Mary had another skirt
With a split right up the front;
She never wore that one!

Mary had a little lamb.
You've heard this one before.
But did you know she passed her plate
and had a little more?

may had a little lamb.
She had it with mint sauce.
And everywhere that Mary went,
the lamb went too, of course.

These are good! I intend to shamelessly copy and pass them around.

Oh, David, I hope the Mrs. can get a refund on the first hip if that is the one in question.

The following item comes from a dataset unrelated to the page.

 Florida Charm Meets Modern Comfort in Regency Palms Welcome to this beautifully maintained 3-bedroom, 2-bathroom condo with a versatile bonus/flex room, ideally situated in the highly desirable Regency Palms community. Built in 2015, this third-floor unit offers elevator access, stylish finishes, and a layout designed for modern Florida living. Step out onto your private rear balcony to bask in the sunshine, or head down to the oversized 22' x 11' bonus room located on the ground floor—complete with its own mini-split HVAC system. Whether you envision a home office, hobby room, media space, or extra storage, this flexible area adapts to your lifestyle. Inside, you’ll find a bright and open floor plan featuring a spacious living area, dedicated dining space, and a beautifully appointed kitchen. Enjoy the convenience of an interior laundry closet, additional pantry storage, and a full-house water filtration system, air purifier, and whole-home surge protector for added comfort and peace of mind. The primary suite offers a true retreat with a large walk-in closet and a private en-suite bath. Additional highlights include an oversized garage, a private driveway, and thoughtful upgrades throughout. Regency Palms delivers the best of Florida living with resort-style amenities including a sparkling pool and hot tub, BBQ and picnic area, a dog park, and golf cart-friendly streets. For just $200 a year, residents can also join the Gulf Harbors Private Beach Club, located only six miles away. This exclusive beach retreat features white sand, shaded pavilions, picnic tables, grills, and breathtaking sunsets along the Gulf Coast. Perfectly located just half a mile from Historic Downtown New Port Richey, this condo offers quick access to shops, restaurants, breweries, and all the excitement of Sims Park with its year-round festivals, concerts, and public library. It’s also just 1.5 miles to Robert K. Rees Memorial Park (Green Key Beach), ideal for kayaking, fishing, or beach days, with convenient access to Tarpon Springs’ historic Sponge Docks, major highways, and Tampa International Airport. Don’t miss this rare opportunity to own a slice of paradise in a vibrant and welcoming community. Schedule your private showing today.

Thank you, Tim and Mayfly, more additions to my forthcoming anthology!

No, no, Whitewall, this is the other hip and the good news is that it is likely to be done much earlier than we thought so, thank God, she should have recovered enough to be able to cook my Xmas turkey! Well, one has to have a set of priorities, you know, and the alternative - SoD cooking it - doesn't bear thinking about!

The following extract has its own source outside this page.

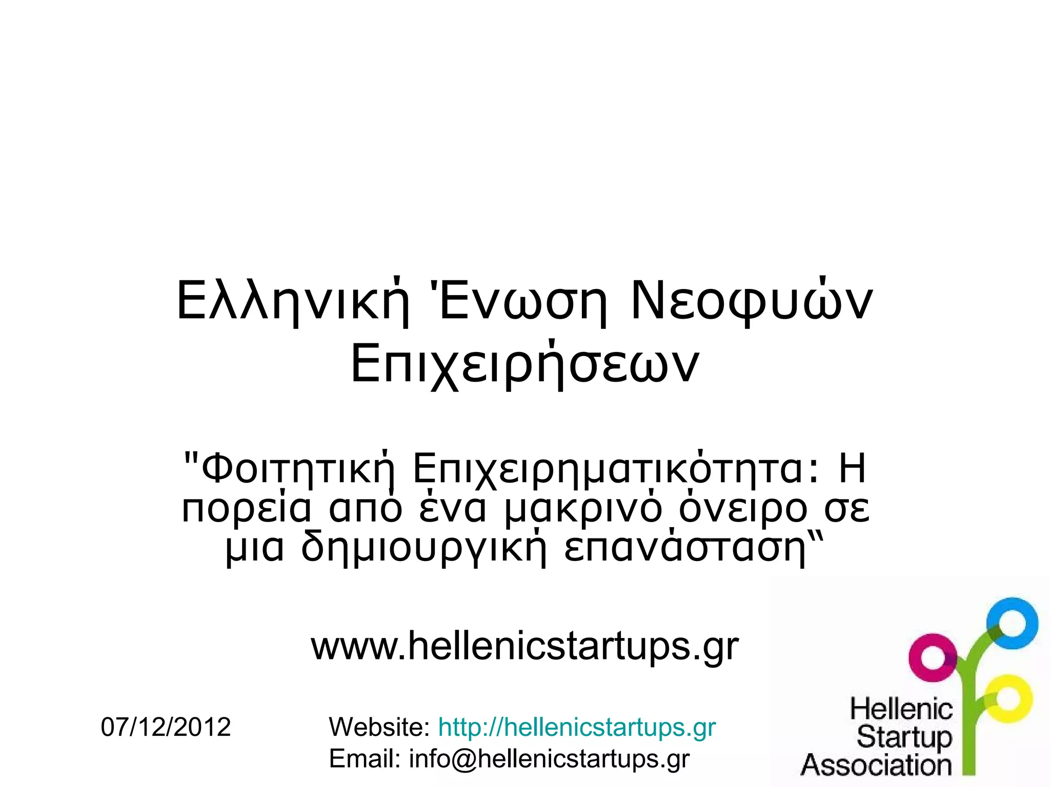 07/12/2012 Website: http://hellenicstartups.gr

Well it is good the other hip will be done before the holidays. I can't imagine you and SoD squaring off over an uncooked bird for a festive occasion.

Actually, he wrote between gritted teeth (er, if you follow my meaning), SoD is quite handy in the kitchen, much better than me because if I can't fry it, I can't cook it!

Liza Minelli had both hips replaced. It's all that high kicking what does it!

Ah, high kicking, that might explain the Memsahib's later problems with hips! "Those were the days, my friends . . ."

Georgie Porgie pudding and pie,
Kissed the girls and made them cry.
When the boys came out to play,
he was done for sexual harassment.

Roses are red
Violets are blue
I'm schizophrenic
and so am I.
(with apologies to anyone who knows that this is not the medical definition of schizophrenia, but "Dissociative Personality disorder" doesn't scan as well).

As always, Mayfly, you are both funny and educational!

Some 20-odd years ago I read "The Penguin Book of Rap Lyrics" - the remarkable writing of an act called "2 Live Crew" has stayed with me - their version of Humpty Dumpty :

"All the king's horses and all the king's men
Couldn't put that fat m******f***** together again"

And just to show that English schoolkids can be just as rude,

"Mary had a little lamb
And it was always gruntin'
She tied it to a five barred gate
And kicked its little ... *ahem*"

"Mary had a little sheep
And with that sheep she went to sleep
The sheep turned out to be a ram
And Mary had a little lamb"

"Mary had a little lamb
She also had a rat
Tommy Cooper came along
And squashed it *just like that!*"

Delicately as well as wittily put, Laban - and you have reminded me that your site was another one I lost in the 'Big Crash'. Rectified immediately!

Oh shit, Laban, you've gone! Where to?

Bronwen had a little lamb
She kept it in a bucket;
And every time the lamb got out
Her brother tried to persuade it to get back in again.

What the ????

Nice one, Nerd!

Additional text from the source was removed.